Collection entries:
┄┄┄┄┄┄
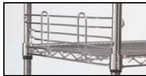
Shelf Ledge see page 76
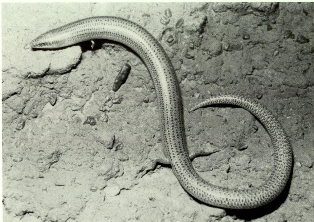
Figure 5 A Lerista neander from 21 km SE Bulloo Downs, photographed in life by R.E. Johnstone.

Arid western plateau of Western Australia from the eastern Hamersley and Ophthalmia Ranges south to the head of the Gascoyne.
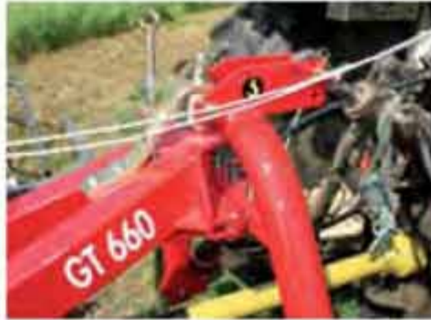
Off-Set 3 Point Hitch available for models GTH 440/500/540 and 660 which offers better manoeuvrability behind the tractor.
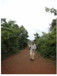
Abomey May 2010 (2)
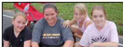
4-on-4 Basketball Team
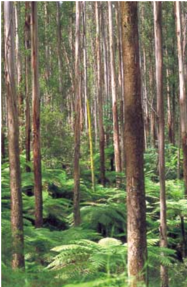
Regrowth mountain ash forest, Healesville, Vic

Ash forests in Australia's relatively high rainfall areas cover important water catchments. For example, water for the city of Melbourne comes from some 155 000 hectares of forested catchment in the Victorian Central Highlands, about one-half of which is mountain ash forest. This one-half yields about 80% of the streamflow because of the high rainfall. Long-term research in these catchments has shown streamflow from regrowth forests that regenerated after the 1939 bushfire decreased markedly relative to streamflow from old age forest in the years before the fire. Models indicate that streamflow from regrowth forest decreases over the first 20 – 30 years to about 50% of that from old age forest and then increases to equal that from old age forest at about 150 years. The age-structure of the mountain ash forest of the Victorian Central Highlands is now well within the range where streamflow from the catchments is increasing, and management is based on that premise.
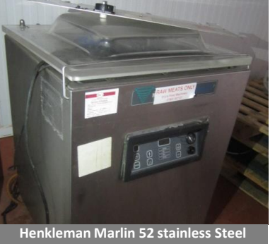
vacuum packing machine
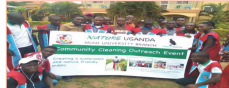
Outreach: Nature Uganda (Muni University Branch) on a "Community Cleaning Event" in Arua District.

The Office of Dean of Students oversees and takes special interest all students' affairs; including Students Guild, Spiritual welfare, Guidance and Counseling, Games and Sports, and Accommodation.
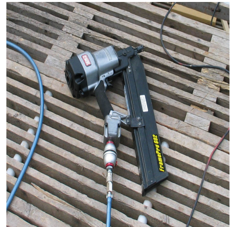
Pneumatic nail guns require air hoses to fire.

Always carefully review the owner's manual with all operators. Have someone familiar with the tool demonstrate safe operating procedures. Then, have each employee take a turn using the tool and watch how each one performs.
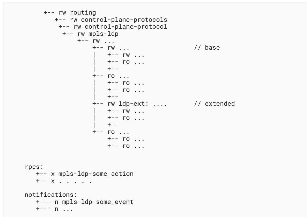
Figure 1: LDP YANG Tree Organization

The following diagram depicts high-level LDP YANG tree organization and hierarchy:
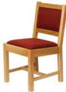
Alton Chair, Upholstered
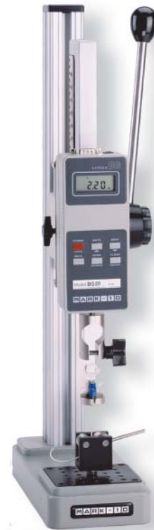
The TSB is shown in a wire terminal pull testing application, with a Series BG force gauge, wire terminal grip, and dual roller grip.
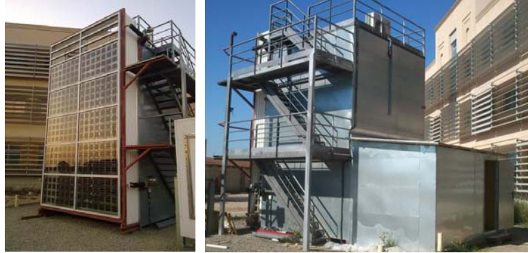
Figure 1. LOT test facility. Front and rear view.

The LOT test facility (see Figure 1) is composed by a variable width double-skin BIPV façade and an adjacent test room. The external dimensions of the test facility are (3.5 x 5.5 x 3.6) m.
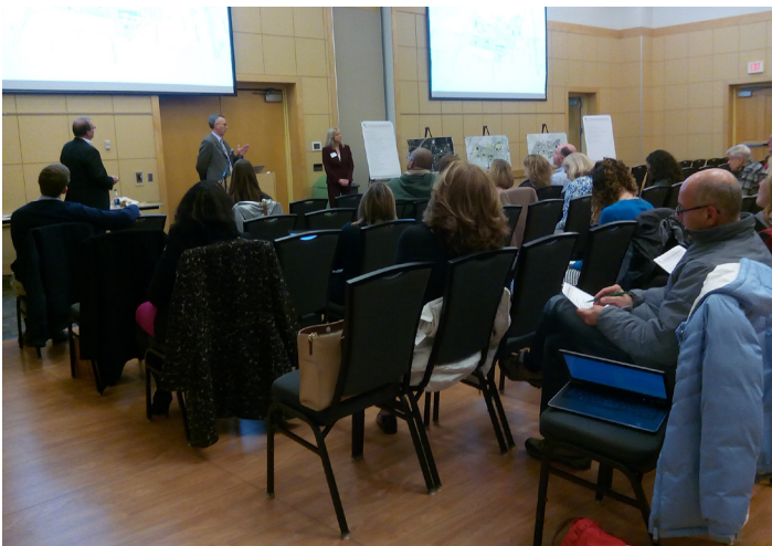
Public Meeting 1: January 18, 2017

A hands-on design workshop was conducted on day two of the public charrette (January 23, 2017). The purpose of this workshop was to work with the consultant team to preview and further develop three preliminary planning framework alternatives for the study area. Participants included Dublin City staff (while not specifically advertised
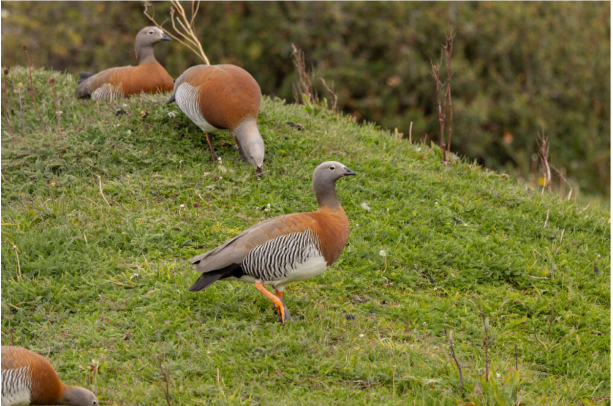
Ashy-headed Geese
┄┄┄┄┄┄
Please copy exactly, and only, the lines from the one that contains "Pneumatic nail guns" through the last line of the data above, omitting all pictures.

> Response below
Pneumatic nail guns require air hoses to fire.

Always carefully review the owner's manual with all operators. Have someone familiar with the tool demonstrate safe operating procedures. Then, have each employee take a turn using the tool and watch how each one performs.
Figure 1: LDP YANG Tree Organization

The following diagram depicts high-level LDP YANG tree organization and hierarchy:
Alton Chair, Upholstered
The TSB is shown in a wire terminal pull testing application, with a Series BG force gauge, wire terminal grip, and dual roller grip.
Figure 1. LOT test facility. Front and rear view.

The LOT test facility (see Figure 1) is composed by a variable width double-skin BIPV façade and an adjacent test room. The external dimensions of the test facility are (3.5 x 5.5 x 3.6) m.
Public Meeting 1: January 18, 2017

A hands-on design workshop was conducted on day two of the public charrette (January 23, 2017). The purpose of this workshop was to work with the consultant team to preview and further develop three preliminary planning framework alternatives for the study area. Participants included Dublin City staff (while not specifically advertised
Ashy-headed Geese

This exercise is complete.